“Cuando comencé a leer la Palabra de Dios, pensé que se trataría de una serie de instrucciones sobre qué cosas podría hacer y qué no”.   Este es el testimonio de una mujer que ha seguido con nosotras la serie de La Biblia libro por libro. Como ella, hay mucha gente que piensa lo mismo. Sin embargo, hermana, la Palabra de Dios no es un libro viejo lleno de mandatos que no tienen nada que ver con nuestra era moderna. A lo largo de todo este estudio, hemos visto que la Biblia nos muestra la santidad de Dios y nos enfrenta a la gravedad del pecado con la esperanza de que lleguemos al arrepentimiento y al perdón a través de la fe en Cristo. Apocalipsis, como el resto de los libros de la Biblia, no tiene otro propósito sino compartir este mensaje. Nos lleva, una última vez, a la pregunta que hemos estudiado repetidamente: ¿escogerás la salvación que Dios ha provisto por medio de su Hijo o tomarás tus propios caminos intentando ser tu propio salvador? Finalicemos este gran libro y veamos cuáles son las consecuencias que cada opción conlleva.

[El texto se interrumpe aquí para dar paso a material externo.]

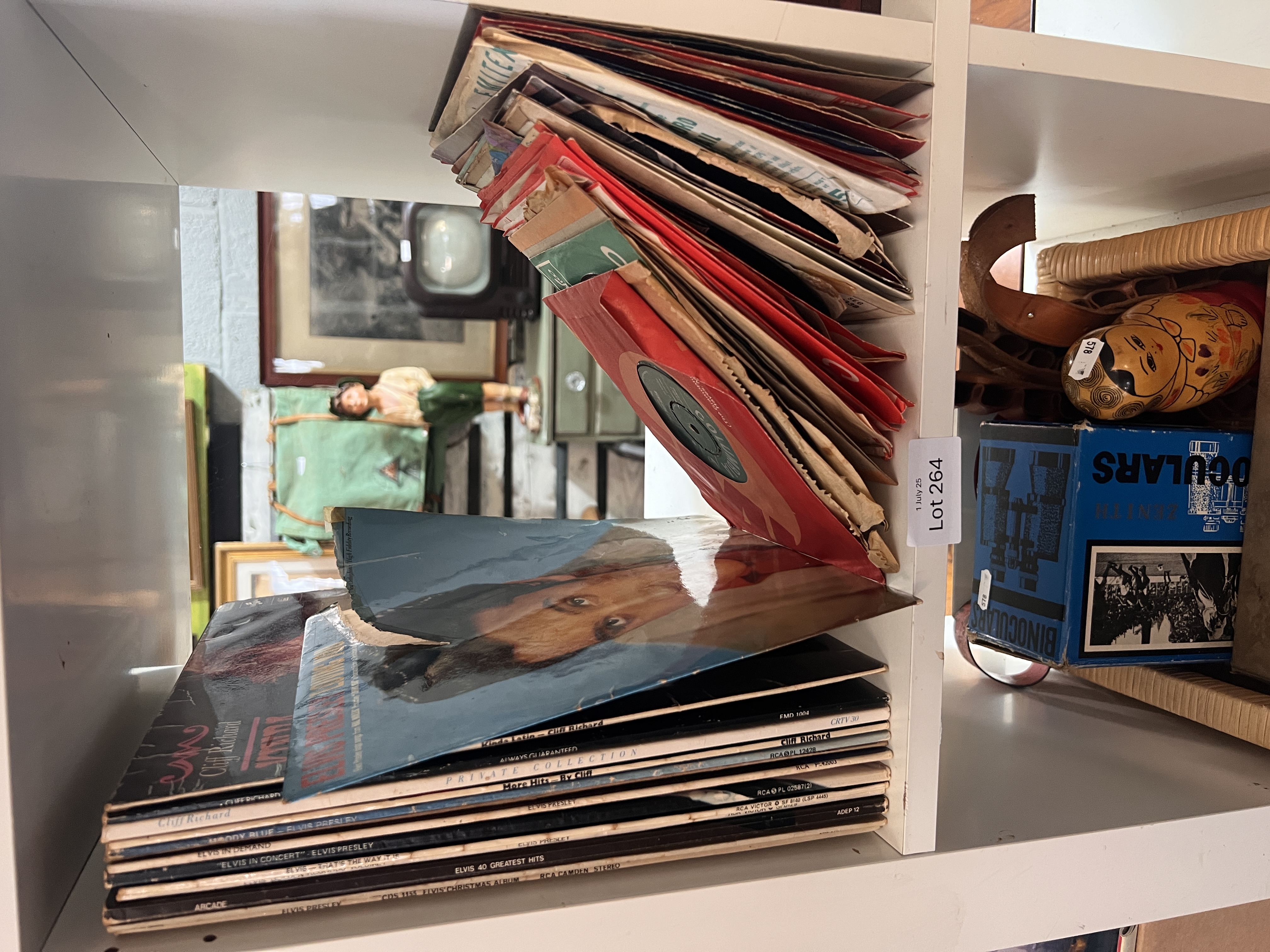 A selection of vintage 45rpm singles and vinyl records, Elvis Shadows etc.

Anteriormente, estudiamos los sellos y las trompetas como dos de los tres grupos de símbolos que plantean siete sucesos y que, a la vez, muestran una misma realidad. Antes de comenzar con el tercero y último, Juan hizo una pausa para ayudarnos a entender que la batalla entre el bien y mal no es un simple conflicto dentro de nosotros mismos, sino una lucha que va mucho más allá. Veamos cuál es. 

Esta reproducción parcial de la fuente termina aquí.